Violators of the law could receive a six-month jail term. According to Superintendent Kennedy, the “masquerade or fancy dress ball or entertainment” exception apparently did not apply to Jews dressing up for Purim. However, it is interesting to note that Inspector Walling’s understanding of the law seems to be correct; he released the Jewish arrestees who had been riding in vehicles (which are not “a public place”) but kept those who had “been found walking the streets wearing masks” locked up.
New York enacted the most recent version of its anti-mask law in 1965 as a loitering crime “against the public order,” which reduced the maximum punishment to 15 days in jail and was used primarily to halt Ku Klux Klan rallies. When the NYPD denied a rally permit to the Church of the American Knights of the Ku Klux Klan in September 1999 and threatened to invoke the Anti-Mask Law to arrest members who wore hoods at the demonstration, the group sued on First Amendment grounds and argued that the Law was unconstitutional.
Finally, in Church of the American Knights of the Ku Klux Klan v. Kerick, 356 F.3d 197 (2nd Cir. 2004), the United States Court of Appeals (one of the three judges on the appellate panel was future justice Sonia Sotomayor) upheld the constitutionality of the Anti-Mask Law. In ruling that the NYPD was justified in denying an outdoor rally permit to the organization, the court found that the law’s history demonstrated that the statute was “indisputably aimed at deterring violence and facilitating the apprehension of wrongdoers” and that it “was not enacted to suppress any particular viewpoint.”
Civil libertarians and others complained that the government was selectively enforcing the 150-plus year old law, particularly in 2011, when New York police officers arrested Occupy Wall Street protesters wearing Guy Fawkes masks, and charged them under the Anti-Mask Law. The law was finally repealed in the wake of Governor Cuomo’s April 15, 2020, Executive Order 202.17, which mandated that all New Yorkers wear face masks in public to allegedly help stop the spread of Covid; the state legislature acted quickly and the law was repealed on May 28, 2020.

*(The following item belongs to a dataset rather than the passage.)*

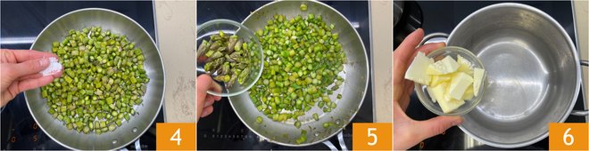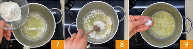 Add the flour 7 and stir vigorously to prevent lumps from forming 8. Season with salt 9 and continue stirring until a golden mixture forms, the roux.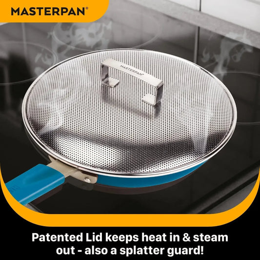 MASTERPAN Chef's Series 10” Azure Stovetop Oven Fry Pan & Skillet With Heat-in Steam-Out Lid, Healthy Ceramic Non-stick Aluminium With Stainless Steel Chef’s Handle, 2 Utensils and Felt Pan Protector

Now that mask-wearing is mandatory under law, an interesting question is whether Jews wearing masks on Purim this year that cover their entire faces satisfy the mandate. I would argue that it does – although I don’t think it’s a good idea to test this proposition by walking into a government building wearing a Purim mask! Wishing everyone a Chag Purim sameach, and may this be the last year that Covid is an issue in Purim celebrations.